Lockport Union-Sun & Journal Online

Local News

November 8, 2012

Town budget approved

Lockport Union-Sun & Journal — TOWN OF LOCKPORT –– The Town of Lockport has a $14.3 million budget in place for 2013, following approval of the spending plan Wednesday night.

The budget features a spending increase of 2.46 percent or $345,699 and would require $5.5 million in taxes, roughly $51,455 or .933 percent increase from 2012. In the budget, Town of Lockport homeowners, for a home assessed at $100,000, would pay on average $695.92, an average decrease of $6.42 from 2012.

“The board worked very hard to make this as much a zero change budget as possible,” said Supervisor Marc R. Smith.

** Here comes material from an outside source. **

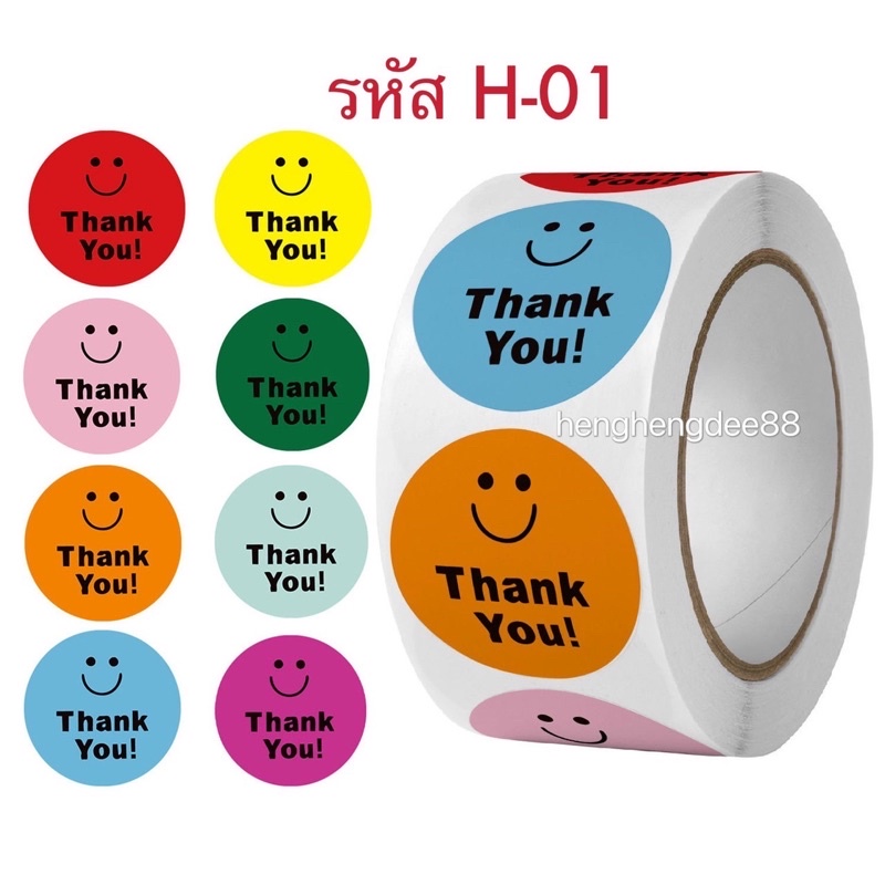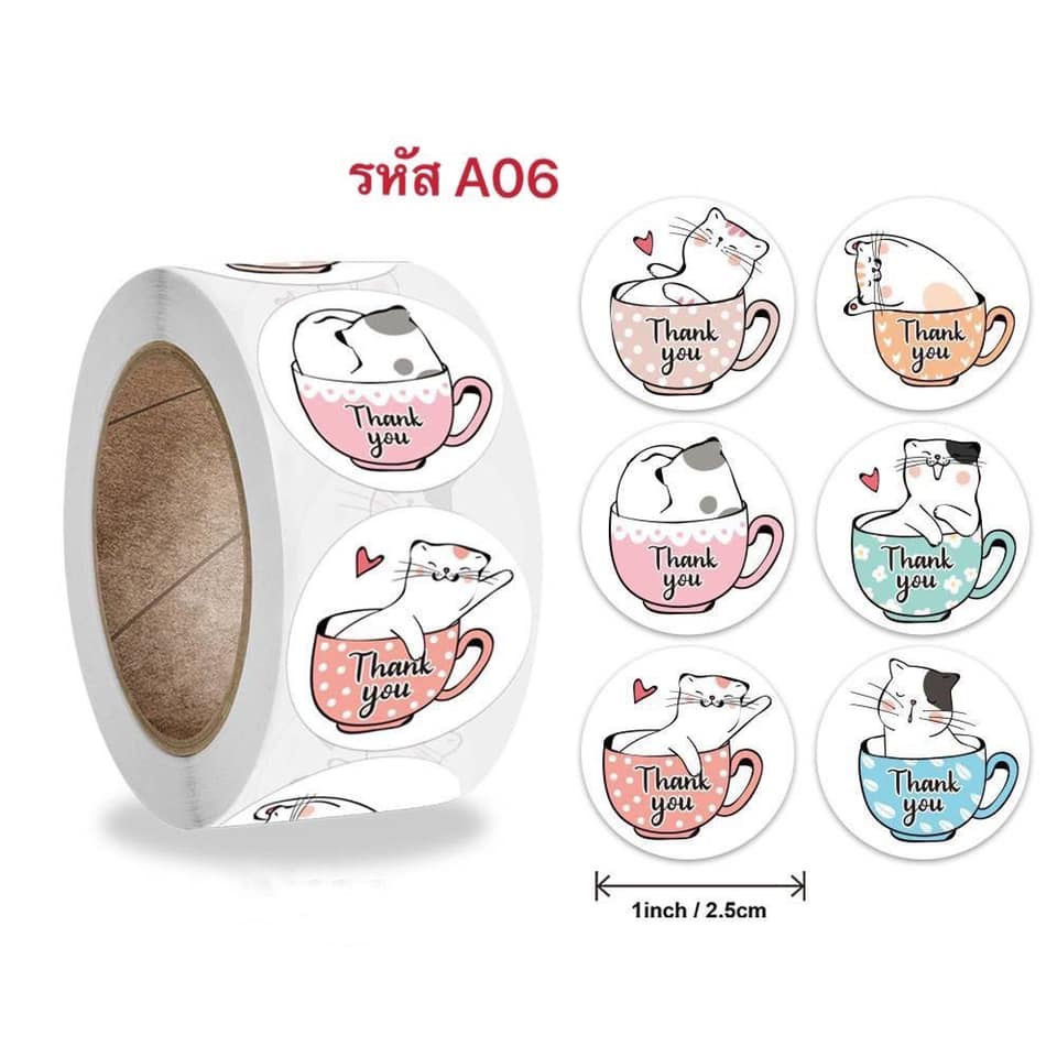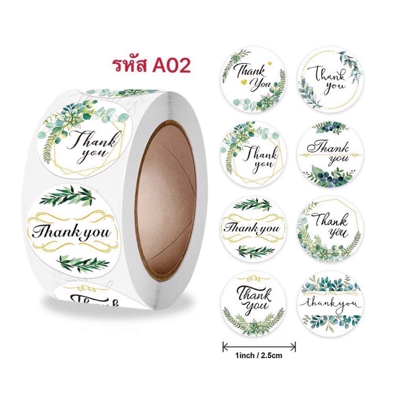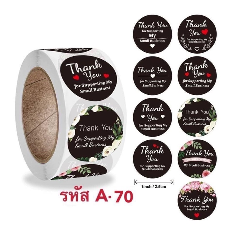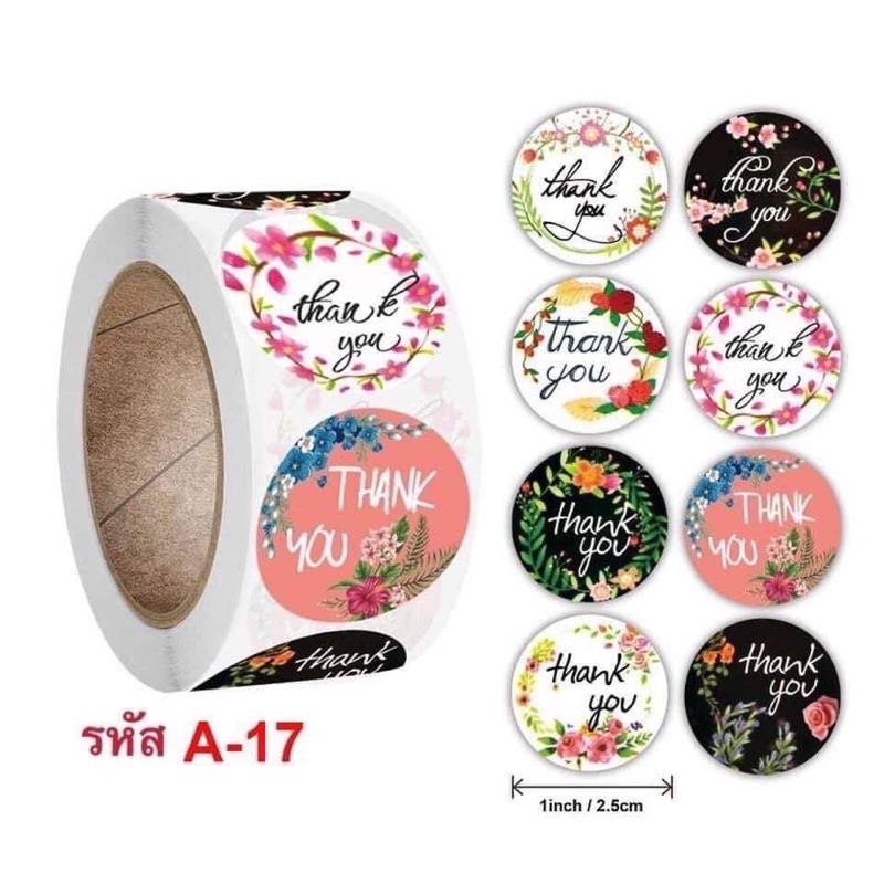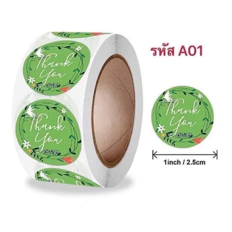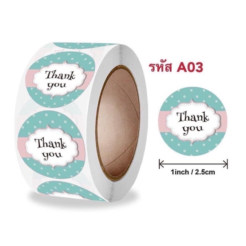 สติ๊กเกอร์ Thank you 1 ม้วน "500" ดวง ขนาด 2.5 cm. การันตีถูกที่สุด!!!

In the Carlisle Gardens and Lincoln Village subdivisions, where the average assessment is $110,000, the average tax bill would fall by about $7. In Lincoln Village, with its average assessment of $70,000, the tax bill would decrease on average by $4.50.

For the town water district, which does not include Carlisle Gardens or Lincoln Village, there will be a 23.74 percent increase in the water tax levy. But the increase in taxes is offset by the use of sales tax revenue in the town’s fire protection district budget lines. That reduced the fire district taxes by over 10 percent.

The budget carries a 2 percent salary increase for elected officials. Smith’s new salary would be $50,245, while the four councilmen would be paid $9,664 each, with the member chosen as deputy supervisor earning twice that. Town Clerk Nancy A. Brooks would be paid $49,813; Highway Superintendent David J. Miller $61,379; and Justices Raymond E. Schilling and Leonard G. Tilney Jr. $25,699 each.

Public hearings were held on the budget, special district taxes and fire contracts, prior to the Town Board vote Wednesday. None of the hearings drew a single speaker.

In other town news, the Town Board introduced a new local law that would amend the town code concerning mining.

Currently under section 200 of the code, mining is prohibited anywhere in the town, unless allowed by a special use permit. The prohibition was put in place around 2005, when the town code was updated, Attorney Daniel Seaman said.